#### BRIEF:
Repeat the lines below exactly as written, please, from the line with "The STEVAL-MKI160V1 is" to the line with "Com 6 portas", both lines included, and no others.

#### RAW DATA:
———

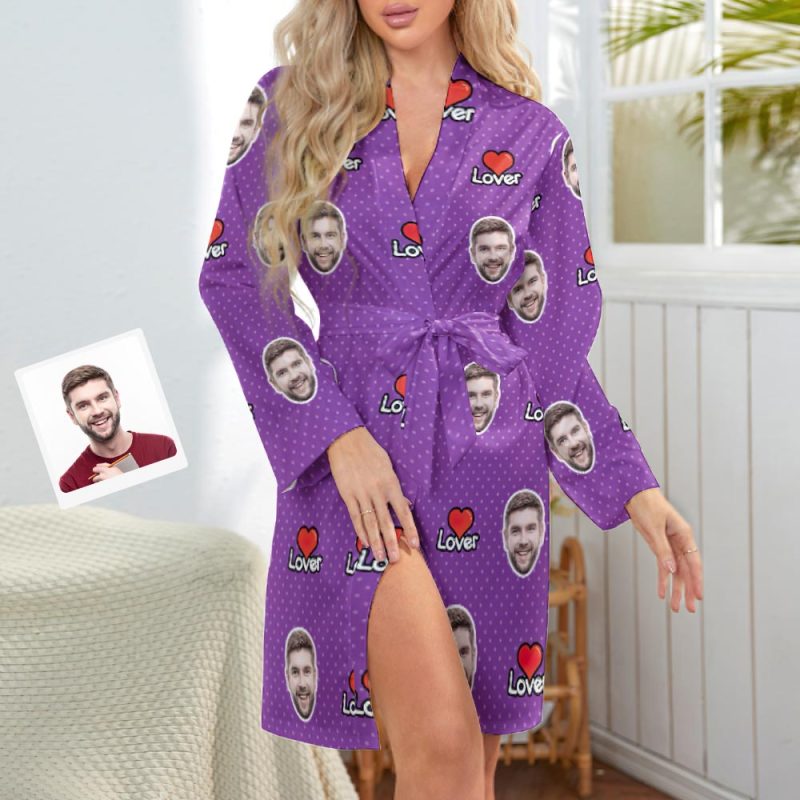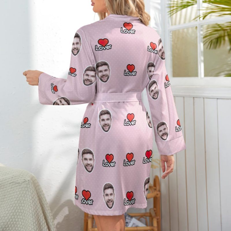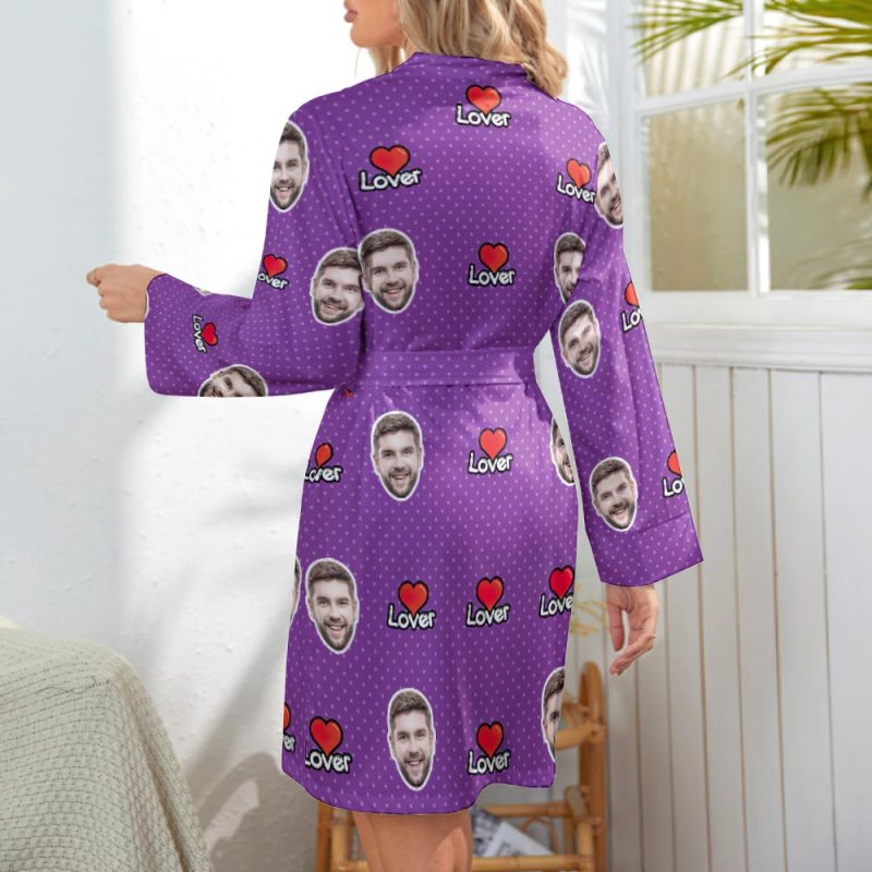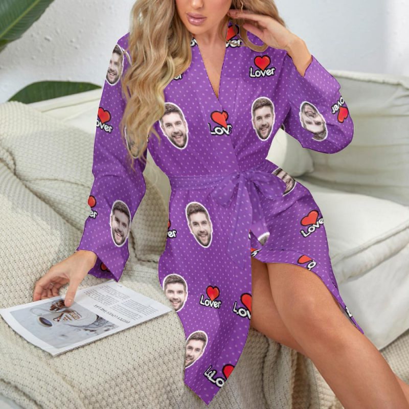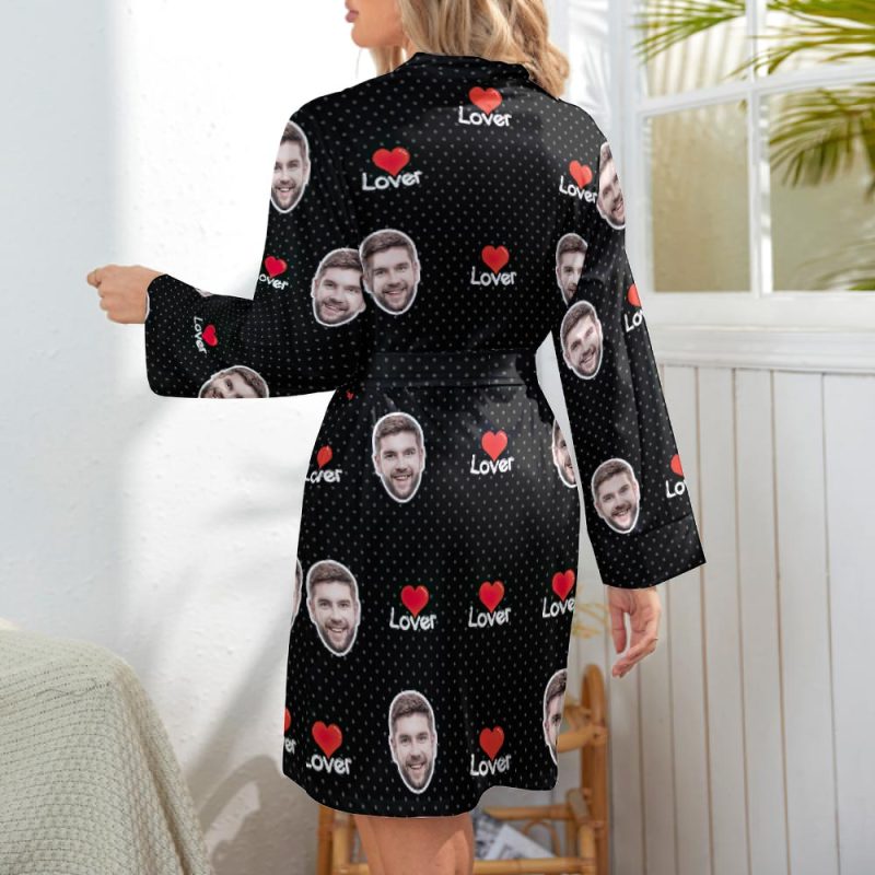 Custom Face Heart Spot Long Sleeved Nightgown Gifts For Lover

———

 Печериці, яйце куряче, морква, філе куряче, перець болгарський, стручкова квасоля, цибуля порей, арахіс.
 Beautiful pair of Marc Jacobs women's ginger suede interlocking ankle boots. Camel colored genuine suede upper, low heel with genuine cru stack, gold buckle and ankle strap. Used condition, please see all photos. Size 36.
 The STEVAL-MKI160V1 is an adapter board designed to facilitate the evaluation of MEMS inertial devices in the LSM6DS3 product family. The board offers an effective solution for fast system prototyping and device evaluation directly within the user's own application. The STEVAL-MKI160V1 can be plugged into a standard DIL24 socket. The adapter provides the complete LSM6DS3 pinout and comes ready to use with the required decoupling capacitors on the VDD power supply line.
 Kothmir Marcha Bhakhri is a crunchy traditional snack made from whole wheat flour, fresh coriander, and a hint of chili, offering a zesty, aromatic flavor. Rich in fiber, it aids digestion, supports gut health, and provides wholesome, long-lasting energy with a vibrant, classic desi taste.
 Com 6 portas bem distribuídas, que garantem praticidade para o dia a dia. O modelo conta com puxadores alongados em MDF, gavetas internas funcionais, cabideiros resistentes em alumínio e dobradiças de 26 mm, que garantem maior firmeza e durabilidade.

———

#### EXPECTED ANSWER:
 The STEVAL-MKI160V1 is an adapter board designed to facilitate the evaluation of MEMS inertial devices in the LSM6DS3 product family. The board offers an effective solution for fast system prototyping and device evaluation directly within the user's own application. The STEVAL-MKI160V1 can be plugged into a standard DIL24 socket. The adapter provides the complete LSM6DS3 pinout and comes ready to use with the required decoupling capacitors on the VDD power supply line.
 Kothmir Marcha Bhakhri is a crunchy traditional snack made from whole wheat flour, fresh coriander, and a hint of chili, offering a zesty, aromatic flavor. Rich in fiber, it aids digestion, supports gut health, and provides wholesome, long-lasting energy with a vibrant, classic desi taste.
 Com 6 portas bem distribuídas, que garantem praticidade para o dia a dia. O modelo conta com puxadores alongados em MDF, gavetas internas funcionais, cabideiros resistentes em alumínio e dobradiças de 26 mm, que garantem maior firmeza e durabilidade.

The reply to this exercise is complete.